Stored items from a collection

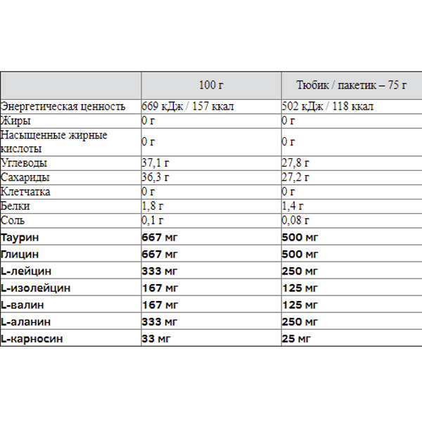Состав на порцию (1 туба - 75 г)
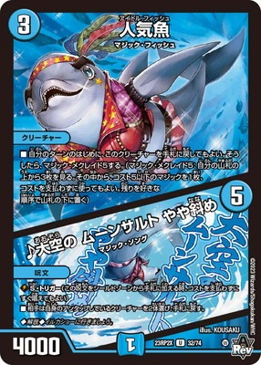 人気魚 UC 水文明 (3) クリーチャー:マジック・フィッシュ 4000 自分のターンのはじめに、このクリーチャーを手札に戻してもよい。そうしたら、マジック・メクレイド5する。(マジック・メクレイド5:自分の山札の上から3枚を見る。その中から、コスト5以下のマジックを1枚、コストを支払わずに使ってもよい。残りを好きな順序で山札の下に置く) ♪大空の ムーンサルト やや斜め UC 水文明 (5) 呪文:マジック・ソング S・トリガー(この呪文をシールドゾーンから手札に加える時、コストを支払わずにすぐ唱えてもよい) 相手は自身のアンタップしているクリーチャーを2体選び、手札に戻す。
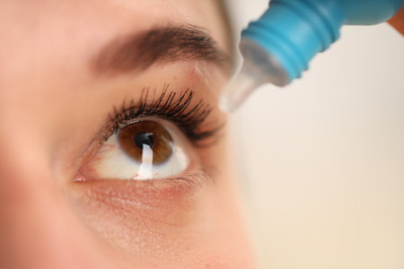 Asian woman use eye drop or artificial tears by drops in to the eye for inflammation or dryness problem therapy of eyeball for eyes health
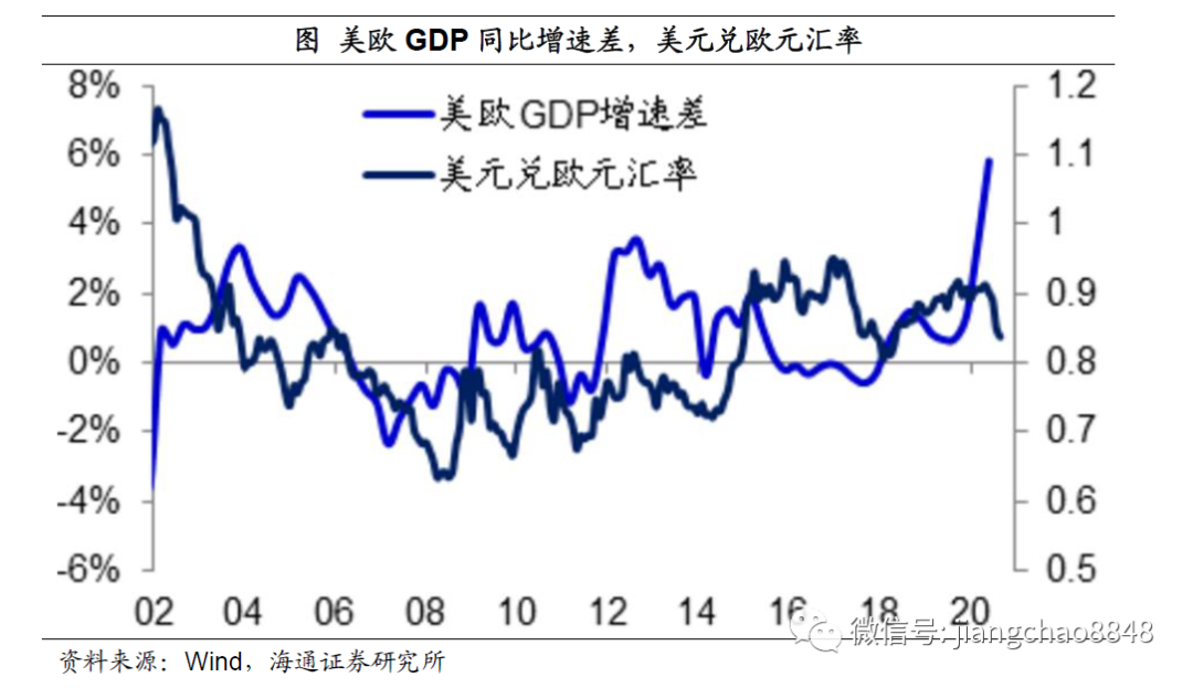 汇率决定的背后有着多种理论,例如经济决定论,亦即汇率反映了两国经济实力的对比。从数据看,过去美欧GDP增速差与美欧汇率的走势大体一致。但在今年疫情期间,美国经济的表现其实好于欧元区,美国2季度GDP增速同比下降9.1%,而欧元区2季度GDP增速同比下降15%,美欧经济增速差距的扩大很难解释同期美元兑欧元汇率的大幅走弱。
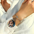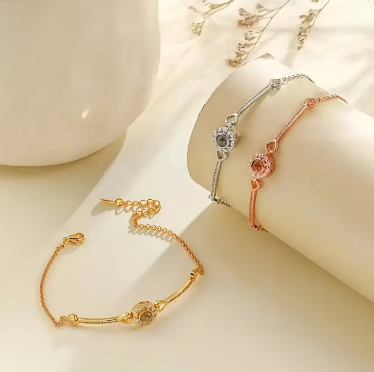 • あなたの写真が内側に – それぞれのブレスレットの内側には、あなたの写真が入っています。内側を見るか、スマートフォンのカメラを使って写真を表示できます。
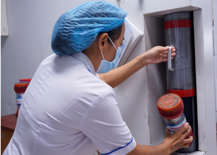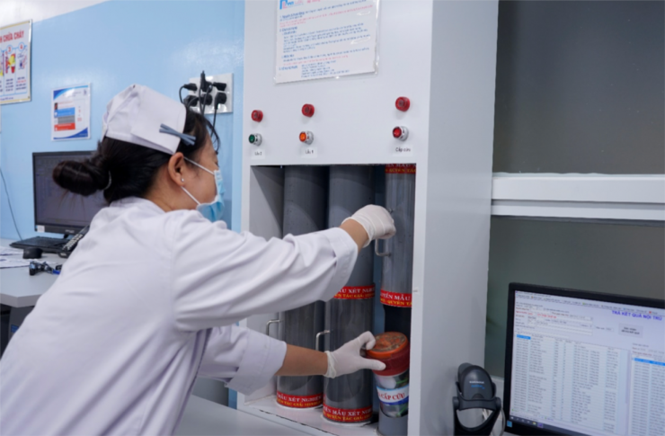 Điều dưỡng lấy và chuyển mẫu xét nghiệm qua hệ thống vận chuyển mẫu đến khoa Xét nghiệm
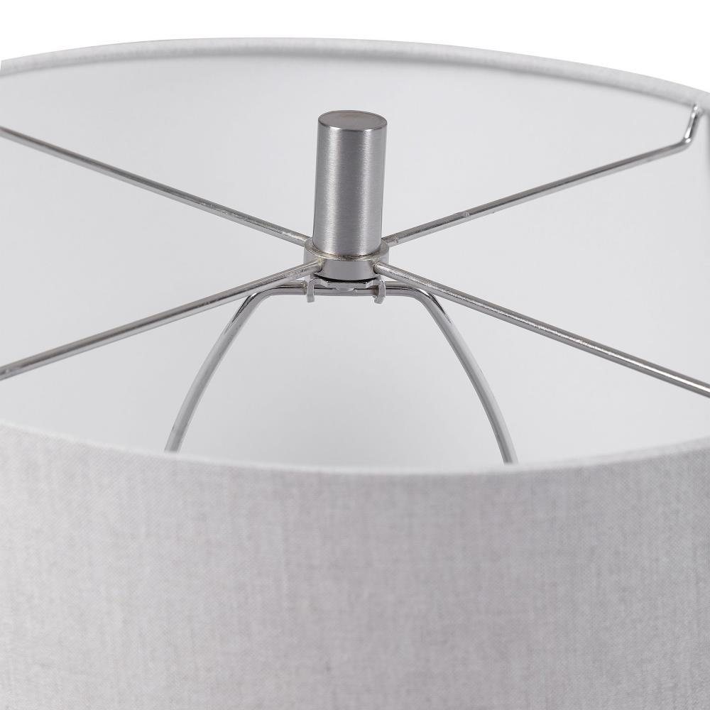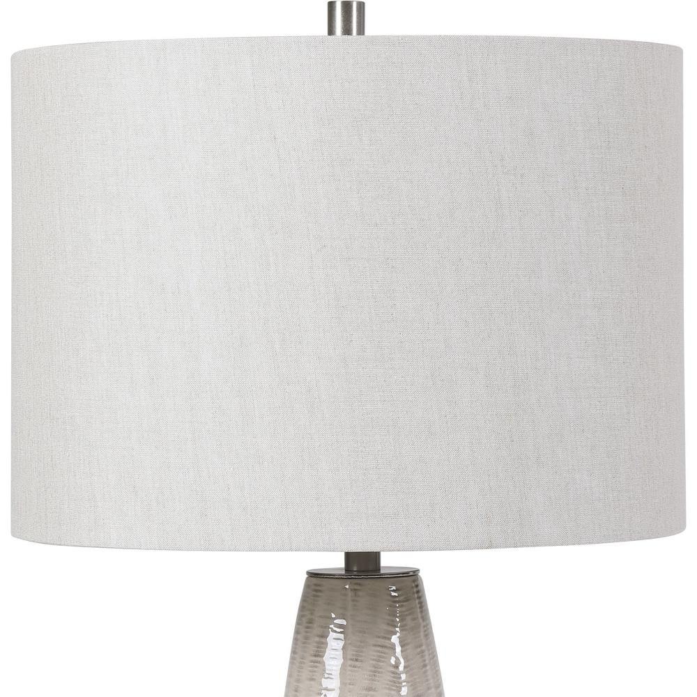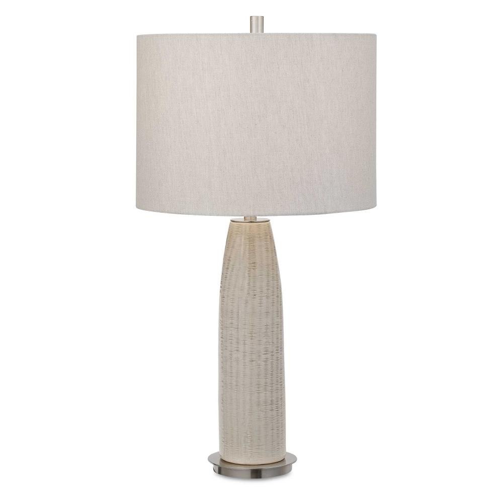 This Ceramic Base Keeps It Simple Yet Upscale With A Fashionable Pattern Finished In A Distressed Light Gray Glaze, Paired With Brushed Nickel Plated Accents. The Hardback Drum Shade Is Light Gray Linen Fabric.

- TASK ITEM
Please print all the lines above exactly as given and leave out every picture.

- TASK ANSWER
Состав на порцию (1 туба - 75 г)
 人気魚 UC 水文明 (3) クリーチャー:マジック・フィッシュ 4000 自分のターンのはじめに、このクリーチャーを手札に戻してもよい。そうしたら、マジック・メクレイド5する。(マジック・メクレイド5:自分の山札の上から3枚を見る。その中から、コスト5以下のマジックを1枚、コストを支払わずに使ってもよい。残りを好きな順序で山札の下に置く) ♪大空の ムーンサルト やや斜め UC 水文明 (5) 呪文:マジック・ソング S・トリガー(この呪文をシールドゾーンから手札に加える時、コストを支払わずにすぐ唱えてもよい) 相手は自身のアンタップしているクリーチャーを2体選び、手札に戻す。
 Asian woman use eye drop or artificial tears by drops in to the eye for inflammation or dryness problem therapy of eyeball for eyes health
 汇率决定的背后有着多种理论,例如经济决定论,亦即汇率反映了两国经济实力的对比。从数据看,过去美欧GDP增速差与美欧汇率的走势大体一致。但在今年疫情期间,美国经济的表现其实好于欧元区,美国2季度GDP增速同比下降9.1%,而欧元区2季度GDP增速同比下降15%,美欧经济增速差距的扩大很难解释同期美元兑欧元汇率的大幅走弱。
 • あなたの写真が内側に – それぞれのブレスレットの内側には、あなたの写真が入っています。内側を見るか、スマートフォンのカメラを使って写真を表示できます。
 Điều dưỡng lấy và chuyển mẫu xét nghiệm qua hệ thống vận chuyển mẫu đến khoa Xét nghiệm
 This Ceramic Base Keeps It Simple Yet Upscale With A Fashionable Pattern Finished In A Distressed Light Gray Glaze, Paired With Brushed Nickel Plated Accents. The Hardback Drum Shade Is Light Gray Linen Fabric.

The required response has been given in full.